O.C. Looks to Fill Gap in Pensions
Orange County could find itself on the hook in coming years to cover excess pension costs for at least a dozen high-level managers whose retirement pay, sweetened by supervisors in August, exceeds a federal cap for public employees.
Federal law limits how much government workers who aren’t paid Social Security benefits can receive from their retirement systems -- and state law requires counties to make up any difference in what retirees are due.
That wasn’t an issue in Orange County until supervisors voted in August to boost pensions.
With that action, an executive manager making $150,000 a year who retires after 30 years of Orange County employment would earn, for example, an extra $46,350 a year. About half of that increased pension can be covered by the Orange County Employees Retirement System before bumping up against the federal limit.
The county will have to pay the difference until the earnings limit -- which increases as the worker ages -- catches up. In this example, the limit would rise enough after three years for the retirement system to begin covering the full payment.
County government and employees contribute to the county’s retirement system, which operates separately from the county’s general fund.
This is the first time Orange County has faced this pension payment predicament. Under the old formula, county-paid benefits weren’t high enough to breach the federal limit. The only exception was the retirement of a top official in the wake of the county’s 1994 bankruptcy.
Los Angeles County has a fund for excess pension payments, but no employees have qualified, according to the county’s compensation department. Los Angeles County pension benefits are lower and workers must retire at age 61 to receive full benefits, compared with 55 in Orange County.
Orange County officials couldn’t quantify this week how much it would cost to cover the payments or say which employees would be affected. Officials also couldn’t say who would be responsible for the shortfall payments -- the county or the employees, whose multiyear contracts don’t specifically address the issue.

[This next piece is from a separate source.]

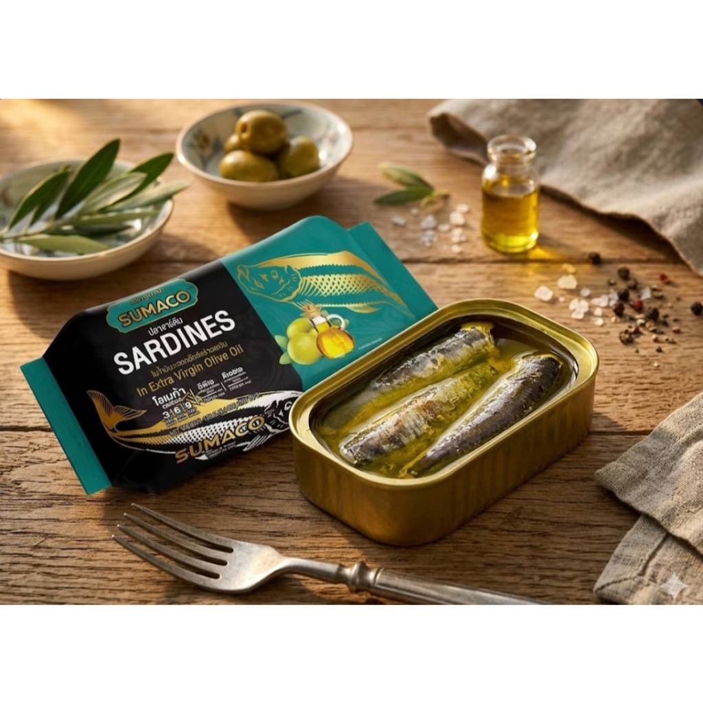 SUMACO ปลาซาร์ดีนในน้ำมันมะกอก เกรดพรีเมียม 125g ปลาซาร์ดีนเนื้อแน่น เนื้อเเน่นจากญี่ปุ่นมีคอลลาเจนคุณภาพดี

Supervisors in August increased the amount of money retirees could receive, and allowed them to retire with full benefits at age 55 instead of 62, depending on their years of service. Some employees can now retire with 100% of their pay. Human resources staffers said they only just realized that checks from the retirement system would fall short for some workers.
The unknowns didn’t sit well with Supervisors Chris Norby and Chuck Smith, who voted against the benefit increase. The supervisors who supported the boost -- Tom Wilson, Jim Silva and Bill Campbell -- said they expected cost increases to be covered by additional employee contributions and pay concessions.
Norby and Smith said supervisors should have been told in August about potential excess payments.
Supervisors again split 3-2 this week on whether to spend $10,000 for a law firm to recommend how to resolve the pension quandary.
Norby sounded exacerbated by the need for the study, and voted with Smith to oppose it. “We’re being asked to spend $660 an hour for loophole lawyers to enable us to pay higher pensions than federal law allows,” he said.
This is the third time that supervisors have complained about being given mistaken assurances by county staff that granting worker perks wouldn’t cost the county more money.
In December 2001, the Board of Supervisors unanimously approved a pension package for safety workers, allowing them to retire at 90% of their salaries at age 50, with 30 years of service. Supervisors were told the $400-million benefit would be covered by stock market investment gains, even though the market already had begun falling.
The county’s unfunded accrued pension liability is now about $1.3 billion for the cost of covering benefits for retired and current county employees.
In December 2002, supervisors approved a $75-million package of employee perks and bonuses at the same time layoffs and service cutbacks were being considered, triggering criticism by an Orange County Grand Jury.
The August pension boost is expected to cost an additional $280 million. Auditor-Controller David Sundstrom said employee contributions should make up the difference in four years; the payments are promised in contracts that expire in three years.
Additional costs for the boosted pensions should be covered by county employees, not the general fund, Campbell said this week -- even if it means asking workers to pay more to cover the difference for their top-paid retiring colleagues.